• TASK BRIEF: From the listing below, give again exactly the lines from the line with "پیکسل 44 میلی" to the line with "Una megattera fa", ends included, without any pictures.

• DATA FOR PROCESSING:
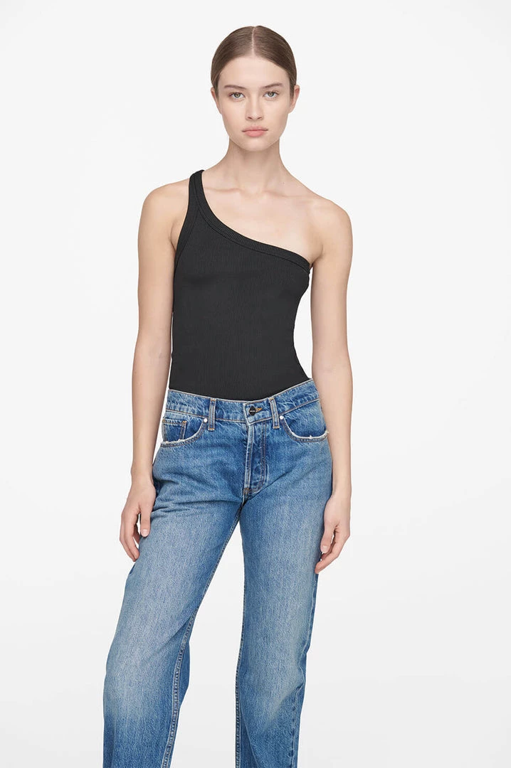 The Ren Top is a new elevated basic constructed from our signature nylon-spandex rib fabrication that fits close to the body for easy tucking and layering. This day-to-night tank features a one-shoulder asymmetrical silhouette, plunging low at the front and back neckline.
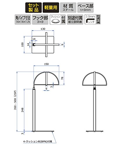 材質:スチール(ベース100×130×3.0t クッション付、パイプ規格14×14×1.2t、首部3×9フラットバー)
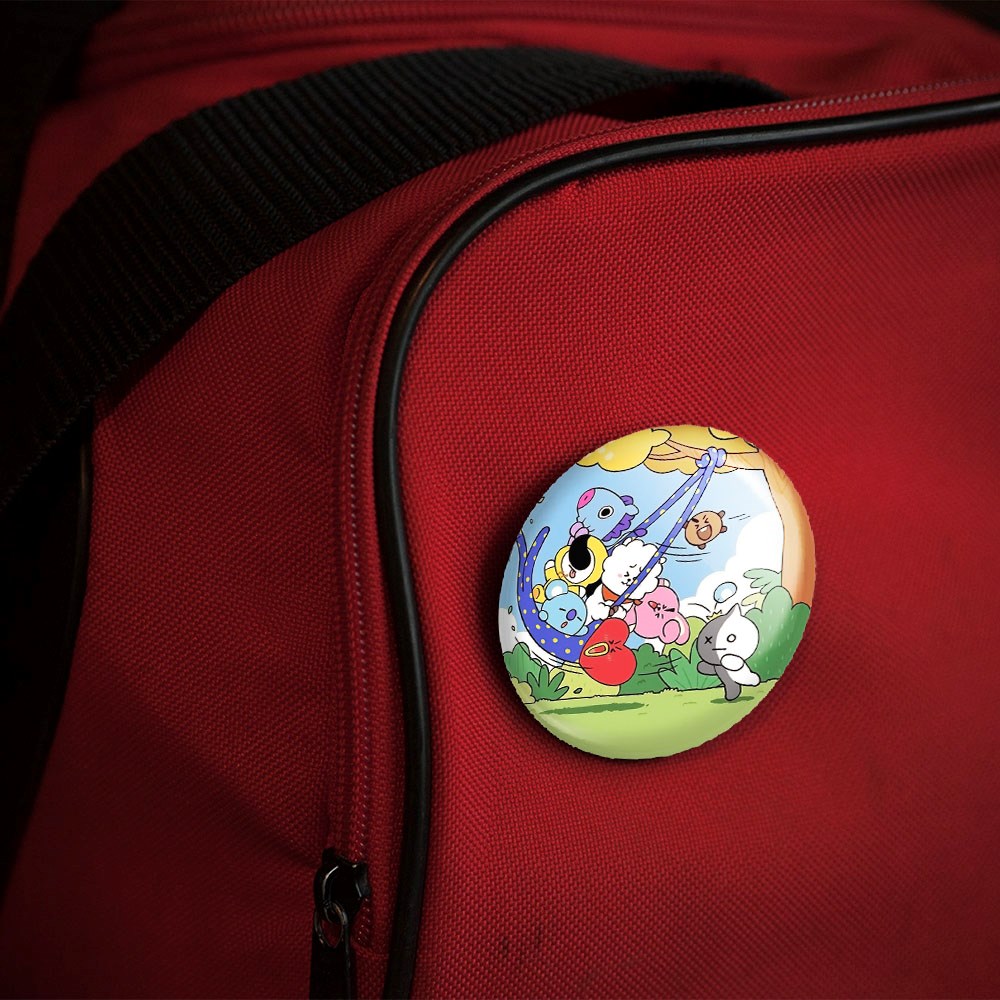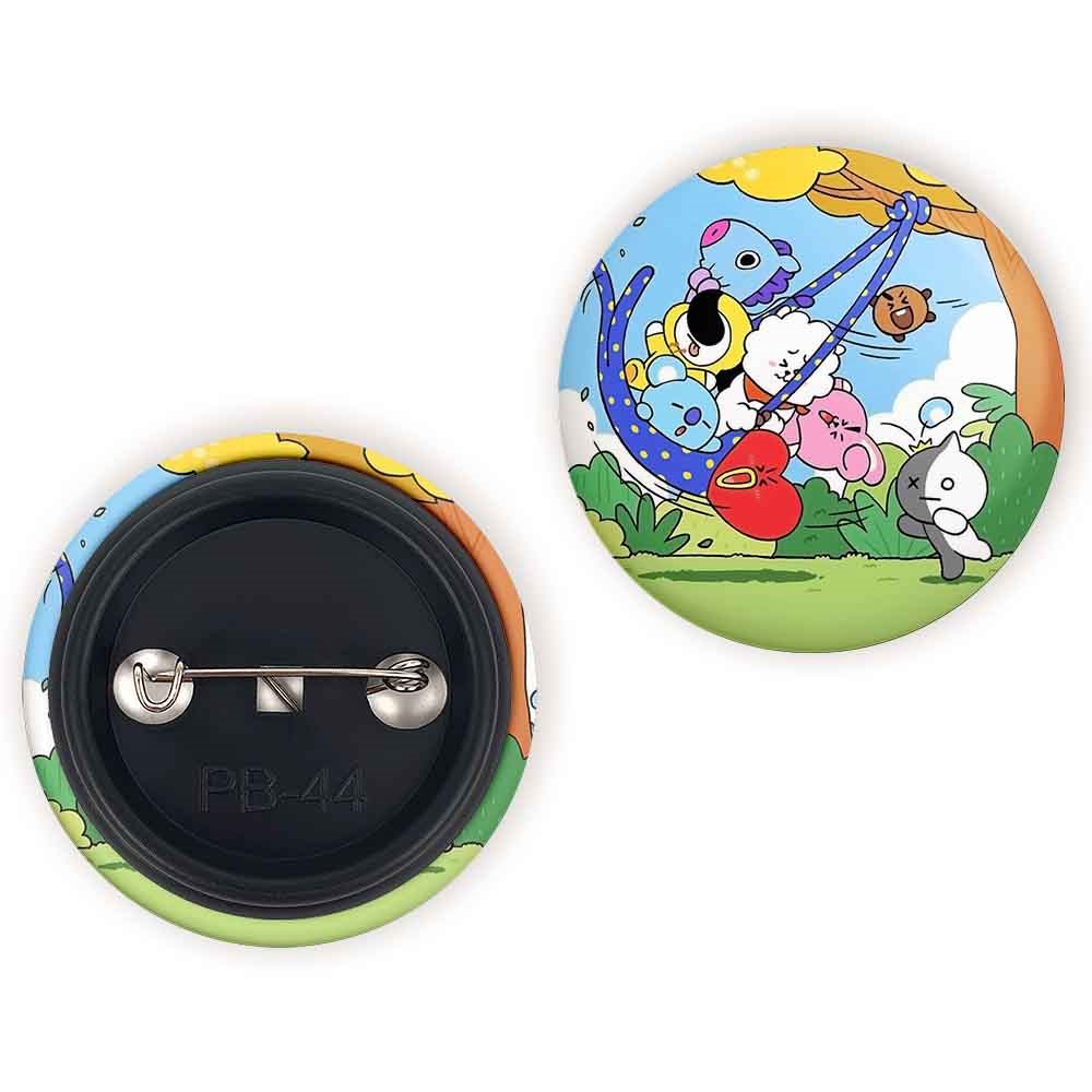 پیکسل 44 میلی متری BT21 خندالو با روکش سلفون حرارتی مات مخملی ضدخش و قطعه پشتی رنگی تولید شده است.پلاستیکی پشت پیکسل با سوزن یک تکه ثابت و بدون لغزش و جا به جایی، ایستایی بسیار بهتری نسبت به پشتی فلزی پیکسل دارند که این مهم در تولید این محصول نیز رعایت شده است.
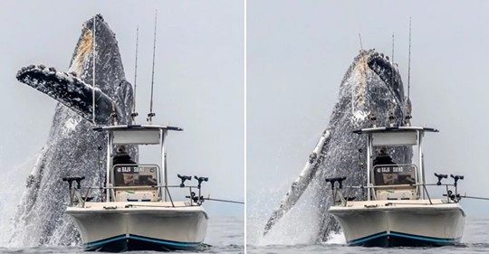 Una megattera fa un incredibile salto vicino a questa barca: le immagini rendono l'idea delle notevoli dimensioni del cetaceo rispetto all'imbarcazione.
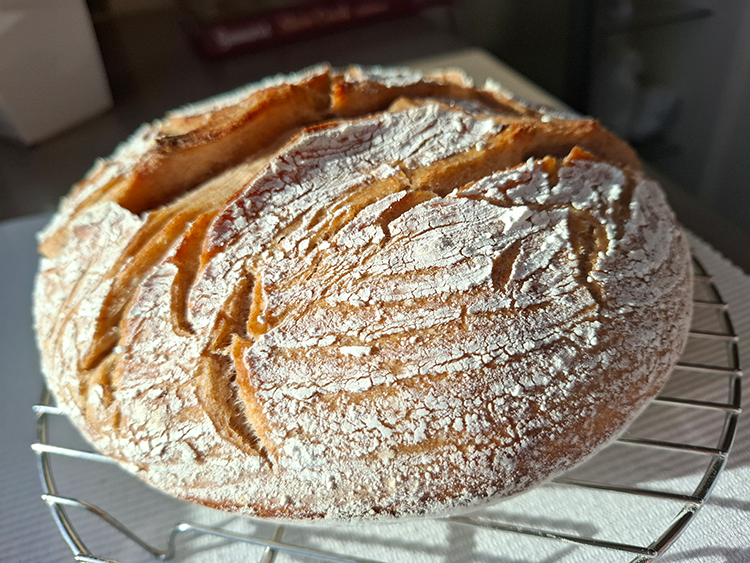 In der Zwischenzeit einen Brotbacktopf mit Deckel ins Backrohr stellen und auf 240 °C aufheizen. Den Laib aus dem Simperl mit dem Schluss nach oben in den Topf geben, zudecken und 20 Minuten im geschlossenen Topf backen. Danach den Deckel entfernen, die Temperatur auf 210 °C reduzieren und das Brot weitere 25-30 Minuten im off enen Topf fertig backen. Auf einem Gitterrost auskühlen lassen.
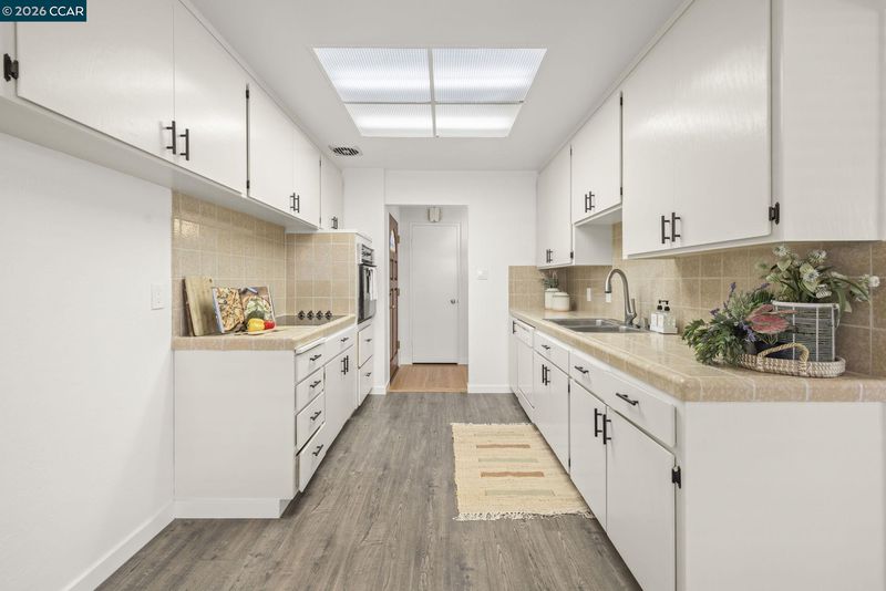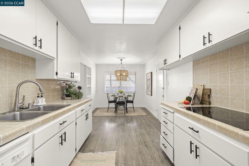 - Dishwasher, Electric Range, Gas Water Heater, Breakfast Nook, Tile Counters, Eat-in Kitchen, Electric Range/Cooktop, Disposal
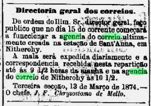 As Paulo Novaes reports (agenciaspostais.com.br), there was a station post office from March 1874 to about 1880. Its start of operations was announced by the Rio press:
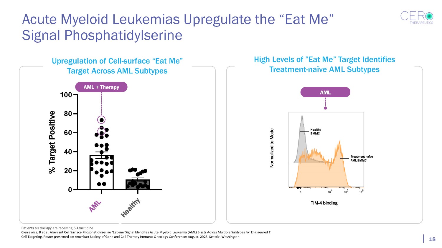 20 0 40 60 80 100 % Target Positive 18 Acute Myeloid Leukemias Upregulate the “Eat Me” Signal Phosphatidylserine TIM - 4 binding Normalized to Mode Treatment naïve AML BMMC Healthy BMMC AML + Therapy AML Upregulation of Cell - surface “Eat Me” Target Across AML Subtypes High Levels of ”Eat Me” Target Identifies Treatment - naïve AML Subtypes Patients on therapy are receiving 5 - Azacitidine Cieniewicz, B et al. Aberrant Cell Surface Phosphatidylserine ‘Eat - me’ Signal Identifies Acute Myeloid Leukemia (AML) Blasts Across Multiple Subtypes for Engineered T Cell Targeting. Poster presented at: American Society of Gene and Cell Therapy Immuno - Oncology Conference; August, 2023; Seattle, Washington

• RESPONSE:
 پیکسل 44 میلی متری BT21 خندالو با روکش سلفون حرارتی مات مخملی ضدخش و قطعه پشتی رنگی تولید شده است.پلاستیکی پشت پیکسل با سوزن یک تکه ثابت و بدون لغزش و جا به جایی، ایستایی بسیار بهتری نسبت به پشتی فلزی پیکسل دارند که این مهم در تولید این محصول نیز رعایت شده است.
 Una megattera fa un incredibile salto vicino a questa barca: le immagini rendono l'idea delle notevoli dimensioni del cetaceo rispetto all'imbarcazione.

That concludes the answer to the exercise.